I suppose the last time I read anything read anything about pirates, I must have been about ten. A lot has happened to pirates since then: they've been trapped and caged by the professoriate; they've been turned inside out and scrutinized so as to understand their place in social theory. Most of this inquiry has been carried on without my knowledge or consent but I begin to get the flavor as I read Colin Woodard's entertaining The Republic of Pirates (2007).

Woodard himself is refreshingly free of ambitious academic pretensions. What we have here is straight narrative, mostly about the Caribbean, chiefly about the period from 1716-20, sometimes loosely described as the locus of "the pirate republic" in and around Nassau in the Bahamas. In context, the label seems extravagant but not quite wrong: there does seem to have been a little window in time, and a little corner of the world, in which pirates could pretty much do what and go where they pleased.

Funny how when we think of pirates it is almost always the Caribbean we remember, letting slip the insight that pirates have been visiting their predations upon "legitimate society" for just about as long as there was anything to predate upon. Pompey cleaned them out of the sea lanes of the Roman Empire; Thomas Jefferson confronted them on the Barbary Coast, and Barack Obama may be the first president in some 200 years to preside over any pirate killing.

But it's Blackbeard and his 18th Century companions who catch most of our attention, and with good reason: aside from the hooks and the parrots, it does seem that around 1720 the planets were in alignment for piracy to a degree only rarely equaled at any other time. You had, first of all, great wealth in the Caribbean, including the scandalous but just barely legal traffic in African slaves. You had weak local government. You persistent instability in the wake of the "War of the Spanish Succession," which pitted English and French against each other in conflict over Spanish interest. You had a history of "privateering"--really piracy under government sanction.

And you had what might have been most important--a bunch of underemployed ex-combatants looking to make a few pence. Which invites attention to one often overlooked fact about piracy: it's a skilled trade. Even the lowliest deckhand had to know a halyard from a bowsprit, and the captaincy of a pirate ship required great management skill. Considering how good the pirates were at what they did, it's a wonder that they weren't even more successful. Indeed while I'm not sure I can put numbers on it, my guess after reading Woodard is that the defeat of the pirates may have had more to do with hostile weather than it did with sovereign power.

I did find my mind wandering to other perhaps comparable gaps in sovereignty. The cowboy era: again just a moment in time, much more transitory than you would guess from its prominence in the movies (I suppose there are all kinds of good reasons why cowboys and pirates make such popular movie themes). The cowboys didn't have the pirate's targets of opportunity to prey upon, but we witness some of the same improvisational state-building in each case.

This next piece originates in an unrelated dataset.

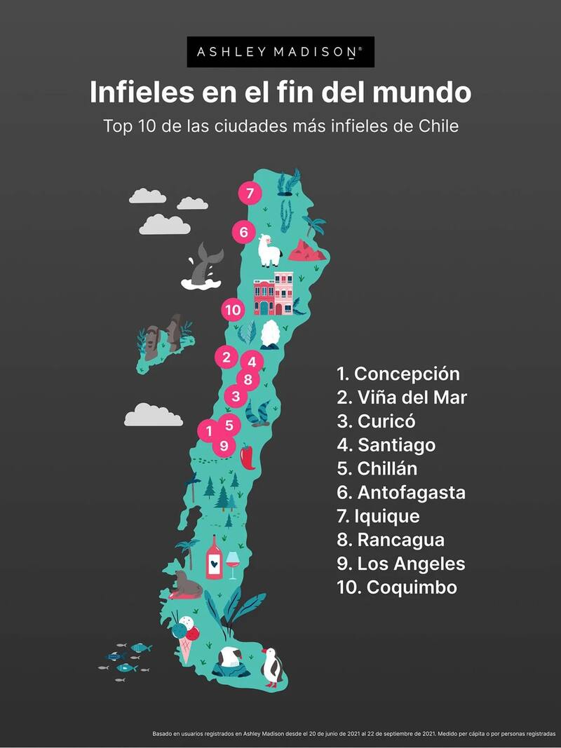 Otras cifras reveladas el año pasado por un sitio similar, Ashley Madison, detallaron cuáles eran las ciudades del país con más cibernautas en su plataforma. En esa lista, destacaron que “desde Iquique hasta Los Ángeles, hay muchas personas con ideas afines esperando conectarse” y que Concepción figuró como la primera en el ránking y Viña del Mar como la segunda.
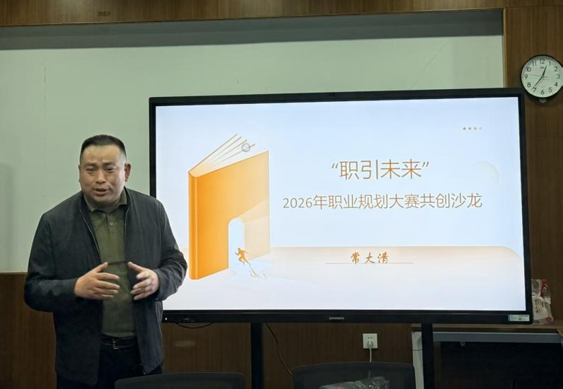 会上,常大清老师结合往届学生在省级职业生涯规划大赛中的获奖案例,系统分享了优秀职业规划的成长路径。他详细拆解了获奖同学从低年级开始明确职业定位、积累项目经历、打磨展示材料的全过程,并指出成功规划往往具备三个共性:清晰的自我认知、与专业紧密结合的路径设计,以及持续迭代的执行力。为在场师生提供了直观、可借鉴的经验。

Another, perhaps more trivial, example, is the shoot-em-up bad boys of the 1930s--John Dillinger, Baby-Face Nelson, that lot. They never reached anything like the pirates' complexity of organization. But they probably do represent a gap in the social fabric--a brief moment of dislocation during which the bad guys had more resources than the good.

And how, exactly, shall I classify the Mongols or the armies of Islam who appeared out of nowhere and came close to putting western sovereignty completely out of business?

Present-day comparisons are seductively easy. I see that some guy at George Mason (surprise!) has written a book arguing that pirates are just capitalist entrepreneurs in bright colored bandanas. Pirates as bankers? Next thing you know, somebody will be telling us that bankers are pirates. Oh wait.